HE stained 4-mm slides were cut from paraffin embedded tissue that was processed with 10% buffered formalin. A panel of antibodies (Table 1) was used to evaluate the tumors for the presence of smooth muscle, fibroblasts, myofibroblasts, glandular epithelium, vascular endothelium and lymphocytic classification. Several pivotal markers expressed in GISTs (CD117, CD34, DOG-1, PDGFR) and inflammatory myofibroblastic tumors [anaplastic lymphoma kinase (ALK)] were used as well.
| Antibody | Dilution | Source | Antigen retrieval |
| CK | 0.181 | Dako | Heat |
| Actin | 0.181 | Dako | Heat |
| CD34 | Working solution | Novocastra | Heat |
| CD117 | 0.181 | Dako | Heat |
| S-100 | 0.736 | Novocastra | Heat |
| Desmin | Working solution | Zsjqbio | Heat |
| DOG-1 | 0.389 | Zsjqbio | Heat |
| PDGFR | 0.181 | SANTA CRUI | Heat |
| Ki-67 | 0.181 | Zsjqbio | Heat |
| CD3 | Working solution | Zsjqbio | Heat |
| L26 | 0.736 | Dako | Heat |
| ALK | 0.111 | Dako | Heat |
| β-Catenin | 0.181 | Maixinbio | Heat |
| CD31 | Working solution | Novocastra | Heat |
| M-CEA | Working solution | Novocastra | Heat |
The first 5 RNFP cases were reported in adults by Yantiss et al[1]. The original pathological description was considered a landmark in the short history of this disease. More recent cases have been reported, and our case represents the 21st report of this lesion worldwide in the English literature.

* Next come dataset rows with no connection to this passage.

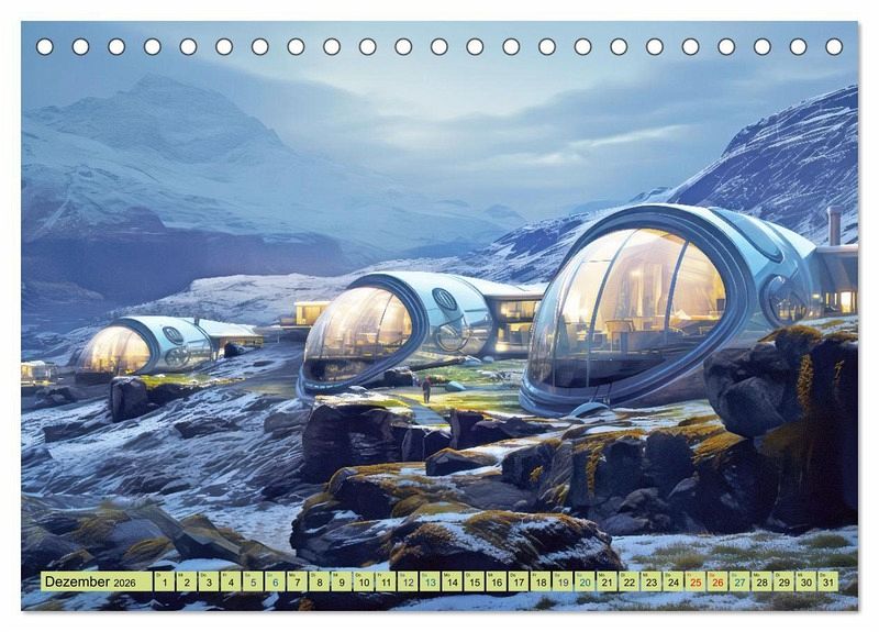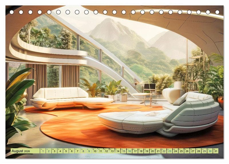 Sichern Sie sich jetzt den Kalender mit dem Titel Futuristische moderne Behausungen und sehen Sie eine beeindruckende Architektur der Zukunft, welche mit Hilfe der KI erstellt wurde. Die atemberaubenden Werke zeigen fantastische Landschaften und Innenansichten, die jeden Betrachter in ihren Bann ziehen. Ob gläserne Fassaden in runden Behausungen oder die modernen grünen Oasen mit futuristischen Möbeln bei den Innenansichten, die zukünftige spielerisch erdachte Architektur wird Sie begeistern. Holen Sie sich diesen einzigartigen Kalender und tauchen Sie ein in die Welt der modernen Gebäude. Ein Juwel für alle Architektur- und Designliebhaber.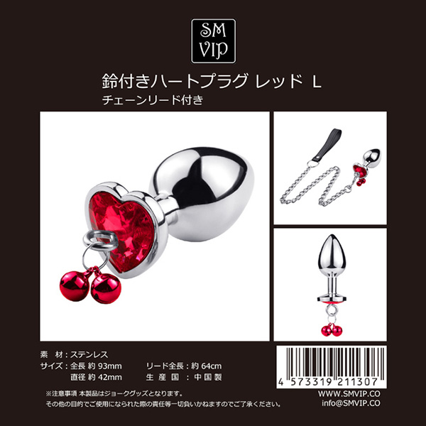 鈴の付いたハート形のア○ルプラグ☆鈴の音でお出迎えなんてかわいいですよね!チェーンリードを付けてお散歩するのはいかがですか?プラグとリードで使い方はいろいろです。高品質のステンレス製で表面は滑らかで先端が短く簡単に挿入できます。また使用後にきれいに洗浄することができ衛生的です。収納袋付きで1つずつ収納できるため、すり傷などを防止できます。Lサイズ本体サイズ:約9.3cm×約4.2cm重量:約169g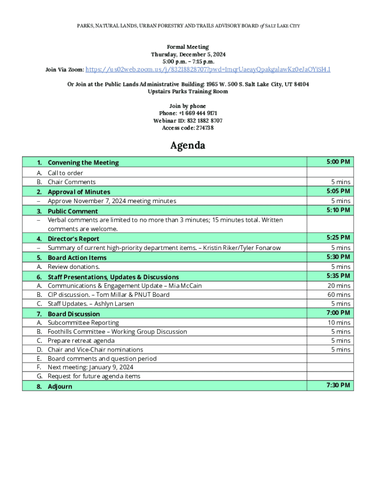 PARKS, NATURAL LANDS, URBAN FORESTRY AND TRAILS ADVISORY BOARD of SALT LAKE CITYFormal Meeting Thursday, December 5, 2024 5:00 p.m. 7:15 p.m.Join Via Zoom: https://us02web.zoom.us/j/83218828707?pwd1mqrUaeayQpakgalawKz0eJaOYiSl4.1
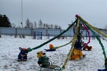 Во дворе нашего детского сада поставили "Креативную ёлку и новогоднюю карусель" подготовка к новому году уже началась.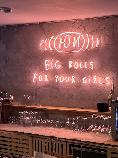 В заведении два зала: первый встречает приглушённым тёплым светом и стеной из живой изгороди, а во втором кирпичная кладка, мерч, неоновая вывеска с логотипом и длинный барный стол.

The adult population appears to be the main target in terms of the age distribution. A total of 18 adult cases (85.7%, age range, 22-72 years) have been reported compared to 1 case in a 1-year-old boy, 2 cases in a 13-year-old girl and our case of a 16-year-old girl. The average age is 46.1 years old (male: 49.6; female: 39.1). The sexual distribution ratio is 2:1 (male to female) consisting of 14 males (66.7%) and 7 females (33.3%). Unquestionably, males are more predisposed to this disease. The leading clinical characteristics can be summarized as follows: 11 patients including our case presented with abdominal symptoms, among which 4 patients had acute abdominal pain while 3 had chronic abdominal discomfort. Past medical history revealed that 5 patients (23.8%) had a history of abdominal surgery. One patient had undergone a left hemicolectomy 17 years previously for stage pT3N0MO-IIA colon cancer according to the 7th American Joint Committee on Cancer[9]. Yantiss et al[1] reported a patient with a history of alcoholism and recurrent pancreatitis, complicated by necrotizing pancreatitis, which required multiple surgical debridements. Another patient had a history of MEN-1 syndrome and multiple abdominal surgeries, including resections of an endocrine tumor of the pancreatic tail and an adrenal adenoma 23 and 21 years previously, respectively; one patient had a history of a laparoscopic cholecystectomy and resection of a duodenal gastrinoma 1 year before the development of this tumor-like mass. The fifth patient’s surgical history included a cholecystectomy some years prior for cholecystitis and an operation in 2001 for a strangulated hernia[7]. A significant abdominal medical history was noted in 9 cases (42.9%), including the following: a peptic ulcer in 3 cases (containing our case); a perforated duodenal diverticulum in a 32-year-old man; endometriosis together with ergotamine use for migraine in a 28-year-old woman; chronic bowel obstruction complicated by an external fistula in a 30-year-old woman; ileus caused by a tumor of the ileum in a 22-year-old man; and ingestion of a foreign body in 2 cases (in one case, it was an iron pin, and in the other, it was a small abscess cavity containing foreign bodies). Hence, in 14 patients (66.7%), a medical or surgical abdominal history appears to play a vital role in the development of RNFP.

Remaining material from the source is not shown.